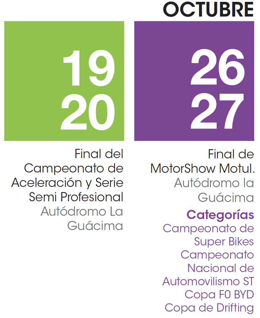 CALENDARIO DE MOTORES AUTODROMO LA GUACIMA DE OCTUBRE
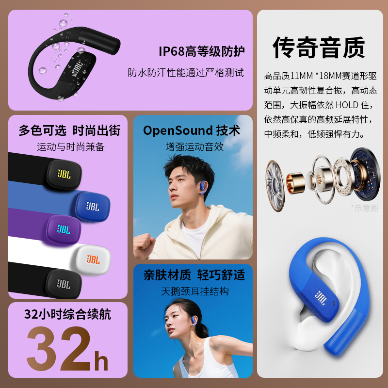 JBL ENDURANCE ZONE悦动圈开放式蓝牙耳机运动跑步健身挂耳式耳机
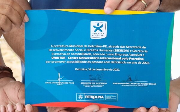 Como forma de reconhecimento e valorização das empresas que respeitam e promovem acessibilidade, assim como disponibilizam oportunidades de trabalho para pessoas com deficiência, a Prefeitura de Petrolina, através da Secretaria de Desenvolvimento Social e Direitos Humanos (SEDESDH), certificou a empresa UNINTER, com o selo ‘Empresa Acessível’.
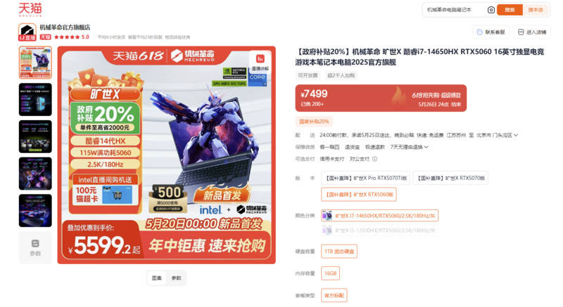 — 国补20%进行时!机械革命极光X/旷世X RTX 5060游戏本香爆登场 —
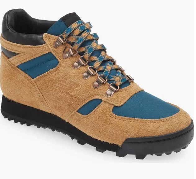 New Balance brings back a familiar face to the market. More than ever before, the hiking boot we all know of has garnished a lot of newfound love from fashion enthusiasts around the world. This model comes in a beautifully beige upper with hits of a blue fabric throughout toe and mid-foot. Metal hardware keeps your foot locked in your everyday journey as well as a Vibram sole to keep you grounded. New Balance logo is stamped onto leather panel and on the tongue.
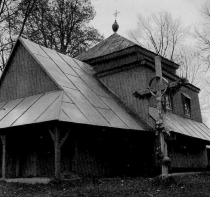 Вперше в документах 1507 р. згадується існування в селі парафіяльної церкви. У 1588 р. вона отримала привілей від дідича Адама Юзефа Мнішка. Існуюча дерев’яна тризрубна одноверха будівля, завершена чотирибічним наметовим верхом з одним заломом над навою, збудована у 1728 р. На початку XX ст. інтер’єр її розмальований олійним стінописом. Зберігся різьблений чотириярусний іконостас та різьблений головний вівтар з XVIII ст. Поряд розташована дзвіниця XVIII ст. стовпової конструкції.
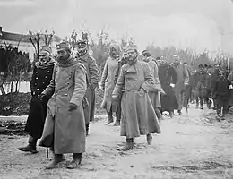In early February 1917, a rebellion led by Vojinović broke out in the vicinity of Kuršumlija and Prokuplje. The insurgents, supported by volunteers and Chetniks from Montenegro, liberated Kuršumlija, Prokuplje, Pusta Reka, Lebane and Ribarska. The uprising was planned to coincide with an Allied offensive.[106] Later that month, a large scale uprising broke out in the Toplica District in Bulgarian-occupied Serbia. A force of 4,000 armed men and women managed to liberate a significant area in the Morava Valley before the uprising was put down.[39] During the summer of 1917, the Austro-Hungarian Army was forced to bring in troops from the Isonzo Front to reinforce the Bulgarian Army and Bulgarian paramilitary groups.[107] Without the expected Allied support, the uprising collapsed. In late 1917, Vojinović was killed; Pećanac managed to escape and went into hiding. According to contemporary Austro-Hungarian Army reports, 20,000 Serbs were killed in the course of the rebellion, while 2,600 managed to escape into the forests.[108] Despite the harsh repression, guerrilla groups managed to survive and were able to support Allied offensive operations in the summer of 1918.[109] After the war, Chief of Staff Paul Kirch described the withdrawal of the German 11th Army:
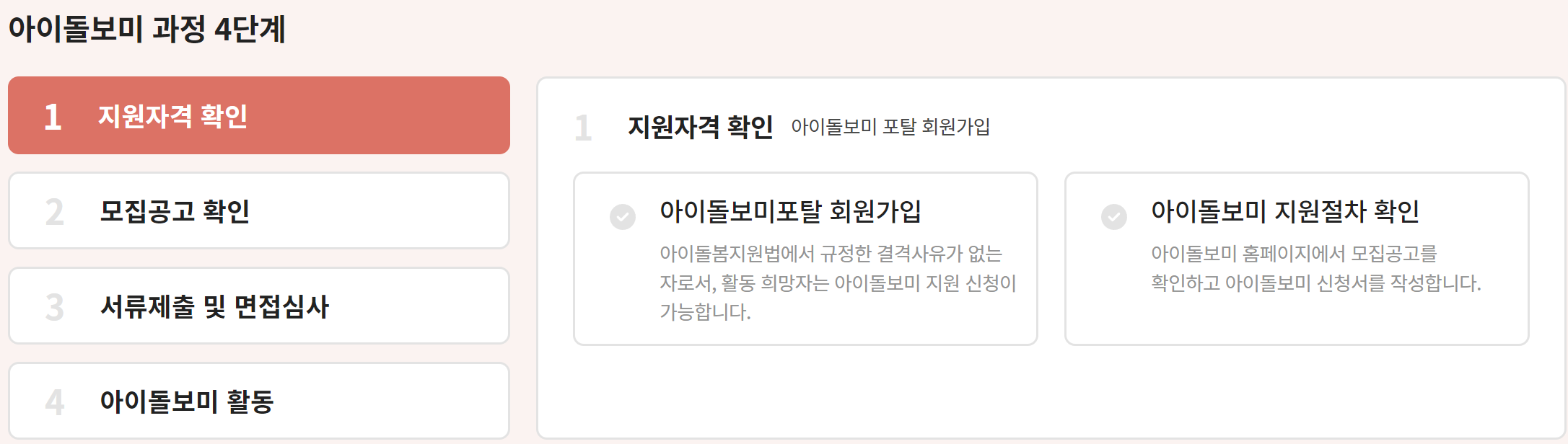 • 아이돌봄지원법에서 규정한 결격사유가 없는 자로서, 활동 희망자는 아이돌보미로 지원신청 가능합니다.
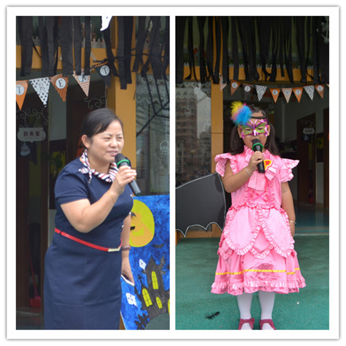 活動(dòng)的第一個(gè)環(huán)節(jié),“淘氣鬼”賣(mài)萌,小朋友們都穿著奇裝異服,跟著音樂(lè)的節(jié)奏萌萌的走了一場(chǎng)別具一格的秀。全園的孩子站在一起時(shí)場(chǎng)面是非常壯觀的呀!既然是西方的節(jié)日,那就少不了語(yǔ)言是滲透啦,英語(yǔ)老師邀請(qǐng)了萬(wàn)圣節(jié)的幾個(gè)突出的角色裝扮的小朋友,讓孩子們一起認(rèn)識(shí)這些角色的英語(yǔ)怎么說(shuō),孩子們學(xué)得可認(rèn)真啦!最搞笑的要數(shù)老師的游戲“瘋狂木乃伊”啦,看著每個(gè)級(jí)組的老師代表在臺(tái)上合作將另一個(gè)老師包成“木乃伊”孩子們都很激動(dòng),紛紛給自己的老師加油,讓整個(gè)活動(dòng)達(dá)到了高潮。
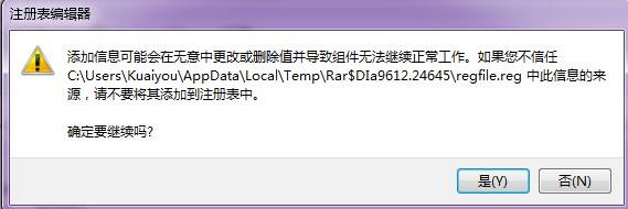 4、双击regfile.reg添加软件的注册表,点击是
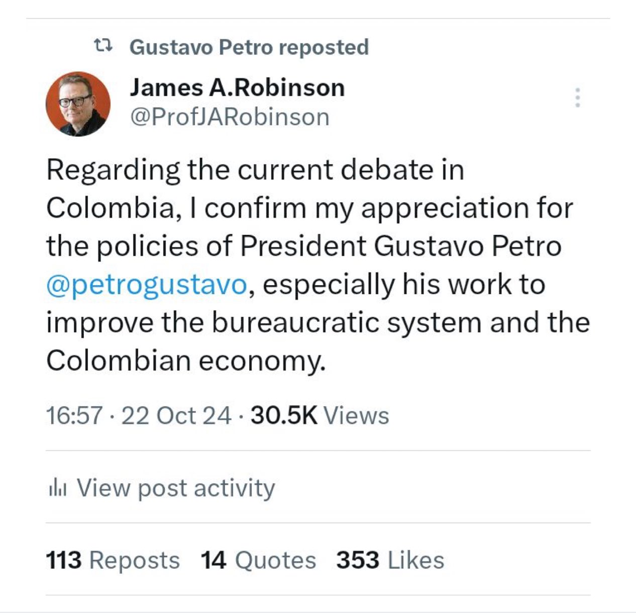 El presidente de Colombia, Gustavo Petro, volvió a caer en las fake news que circulan en las redes sociales. En esta oportunidad reposteó un mensaje de una cuenta falsa del Premio Nóbel de economía James Robinson.
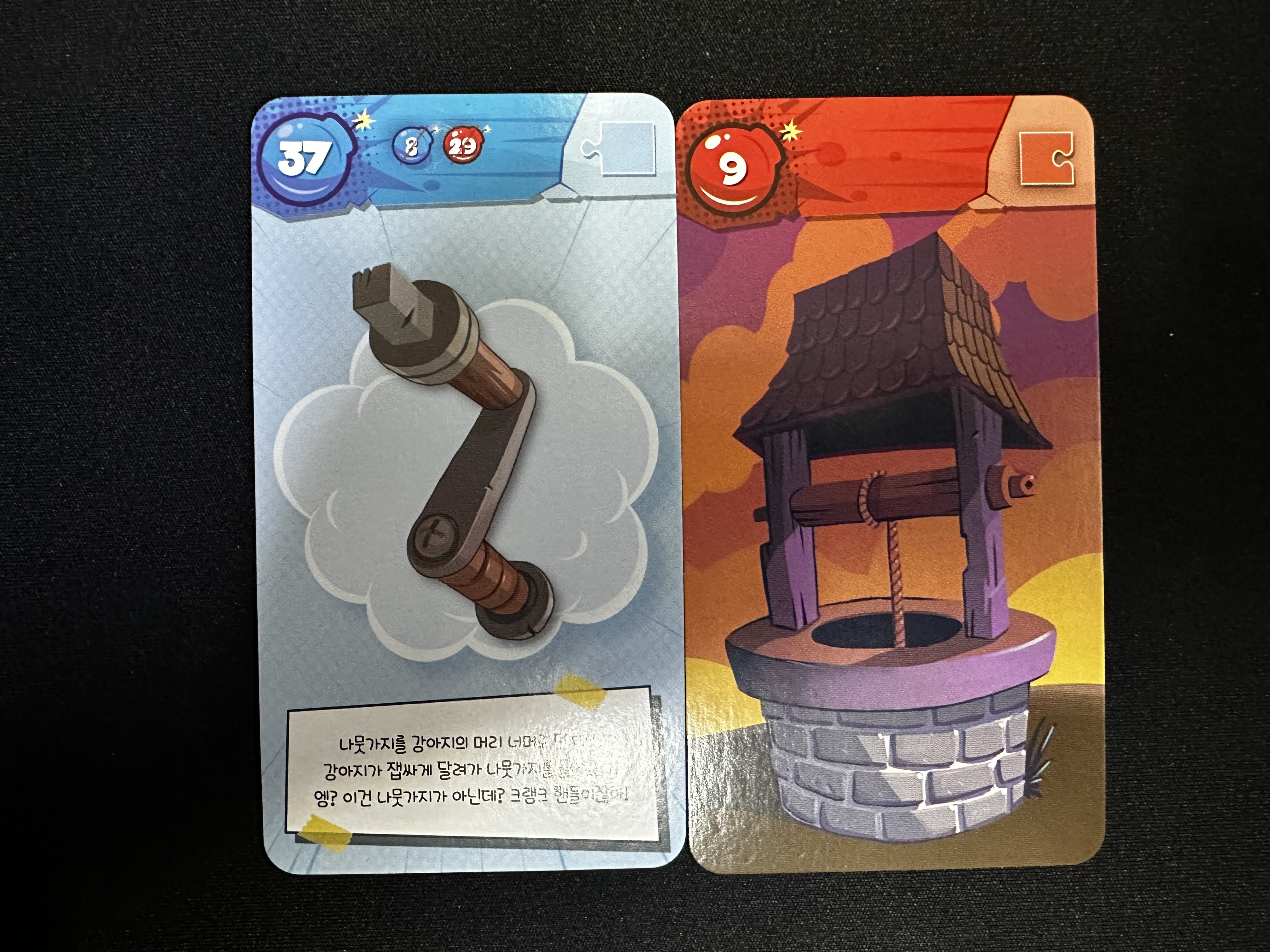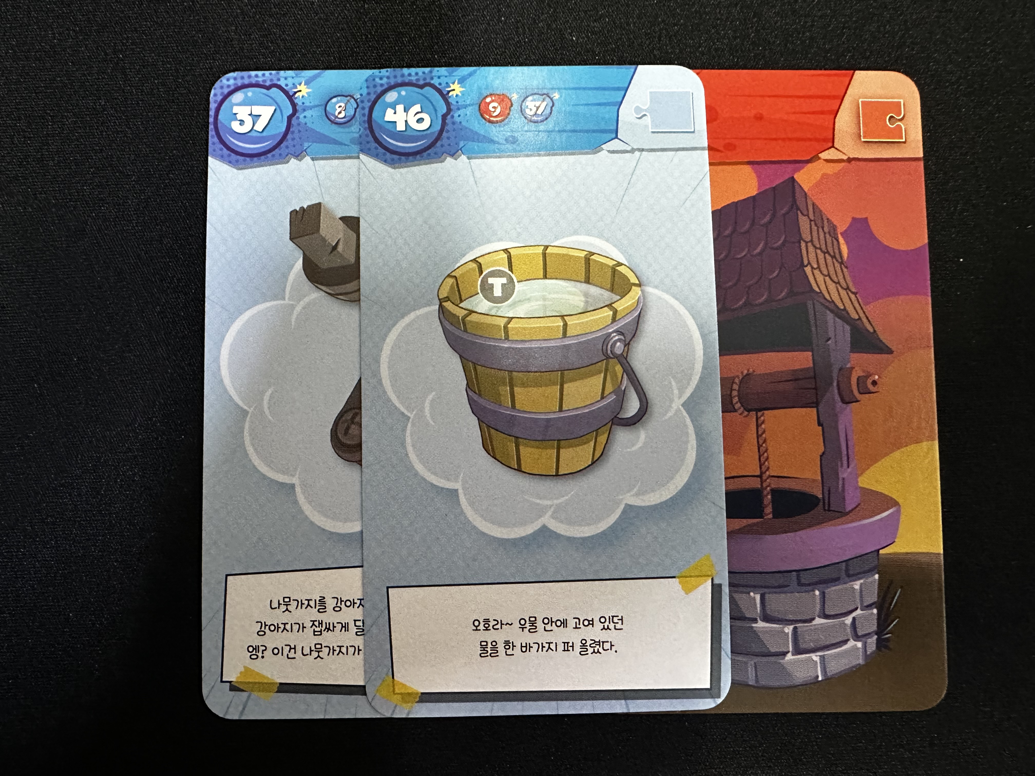 2) 핸들이 없는 우물(9번)에 핸들(37번)을 조합해 물이든 양동이(46번)를 얻는다.
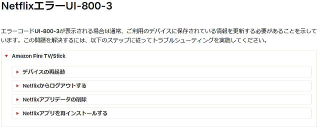 「Netflixエラー UI-800-3(207003)」とはデバイスの問題、僕の場合はFire TV Stick側の問題だっということです。
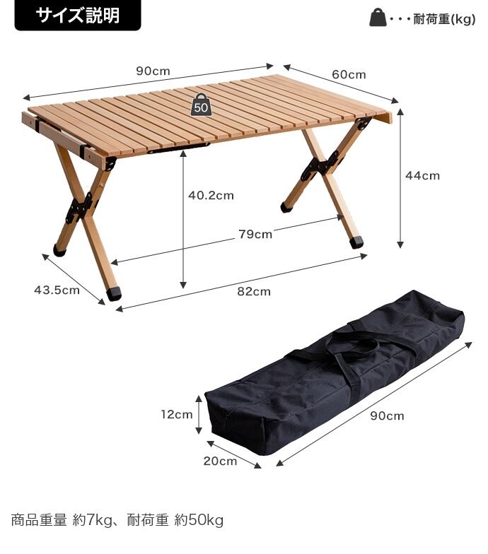 テーブル:天然木(ビーチ材)、収納バッグ:ポリエステル

◆ Task description ◆
Your reply should consist solely of the lines above, from the opening line through the line with "Вперше в документах", reproduced exactly and without pictures.

◆ Result for this exercise ◆
 CALENDARIO DE MOTORES AUTODROMO LA GUACIMA DE OCTUBRE
 JBL ENDURANCE ZONE悦动圈开放式蓝牙耳机运动跑步健身挂耳式耳机
 Como forma de reconhecimento e valorização das empresas que respeitam e promovem acessibilidade, assim como disponibilizam oportunidades de trabalho para pessoas com deficiência, a Prefeitura de Petrolina, através da Secretaria de Desenvolvimento Social e Direitos Humanos (SEDESDH), certificou a empresa UNINTER, com o selo ‘Empresa Acessível’.
 — 国补20%进行时!机械革命极光X/旷世X RTX 5060游戏本香爆登场 —
 New Balance brings back a familiar face to the market. More than ever before, the hiking boot we all know of has garnished a lot of newfound love from fashion enthusiasts around the world. This model comes in a beautifully beige upper with hits of a blue fabric throughout toe and mid-foot. Metal hardware keeps your foot locked in your everyday journey as well as a Vibram sole to keep you grounded. New Balance logo is stamped onto leather panel and on the tongue.
 Вперше в документах 1507 р. згадується існування в селі парафіяльної церкви. У 1588 р. вона отримала привілей від дідича Адама Юзефа Мнішка. Існуюча дерев’яна тризрубна одноверха будівля, завершена чотирибічним наметовим верхом з одним заломом над навою, збудована у 1728 р. На початку XX ст. інтер’єр її розмальований олійним стінописом. Зберігся різьблений чотириярусний іконостас та різьблений головний вівтар з XVIII ст. Поряд розташована дзвіниця XVIII ст. стовпової конструкції.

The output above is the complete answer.